何を話したらいいかわからなくて、俺より7mmだけ背の高いなまえの横顔をちらりと眺めた。スカートの裾を抑えるように鞄を両手で持って歩く姿に、あ、やっぱり女の子なんだなぁ、なんて当たり前のことを考える。
「昔はさぁ」
突然なまえが口を開いたので、えっ!?と大きな声が出てしまった。
「昔っていうか、大正時代は、こんな風に付き合ってない男女が夜道を歩くなんて、ふしだらなコトって考えられてたんだって」
「あ、うん。台本にもそんなコト書いてたよな」
「付き合ってても、堂々と手も繋げなかったらしいよ」
「ブーツと言い、大正時代に詳しいな。みょうじは」
「一応調べたんだ。時代背景ぐらいは知っておこうかなって思って」
なまえはそう言って夜空を見上げた。「大正時代は15年間。女子と男子は違う学校に分けられて、別々の教育をされてた」
「じゃあ俺たちみたいに、放課後暗くなってから一緒に帰るなんて、夢のまた夢だ」
「うん。もし奇跡的に好きな人同士で付き合っても、大正3年……1914年がやってくる」
「あ、」
その年号に覚えがあった。日本史選択でも、世界史選択でも必ず出てくる年号。「第一次世界大戦だ」
ポケットの中のスマホが振動した。メッセージの着信を伝えるそれを、聞かないフリしてなまえを見つめた。

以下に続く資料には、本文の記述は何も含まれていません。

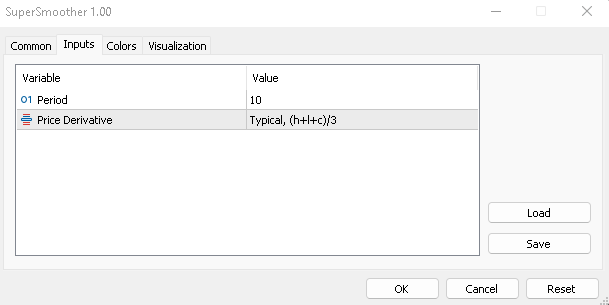 The Super Smoother indicator is suited for filtering random market noise. It is superior to the traditional moving averages (EMA) in filtering irregular movement in the price data of an asset.

「そう。第一次世界大戦。4年で終わるけど、今度は大正12年、関東大震災で沢山の人が亡くなった」
両想いでも一緒にいられないなんて、辛いだろうな
そう呟いた彼女の声が、遠くから聞こえるような気がした。
月明かりに照らされた彼女の横顔に、なんだか倒錯的な気分に襲われてしまう。
頭がくらくらする。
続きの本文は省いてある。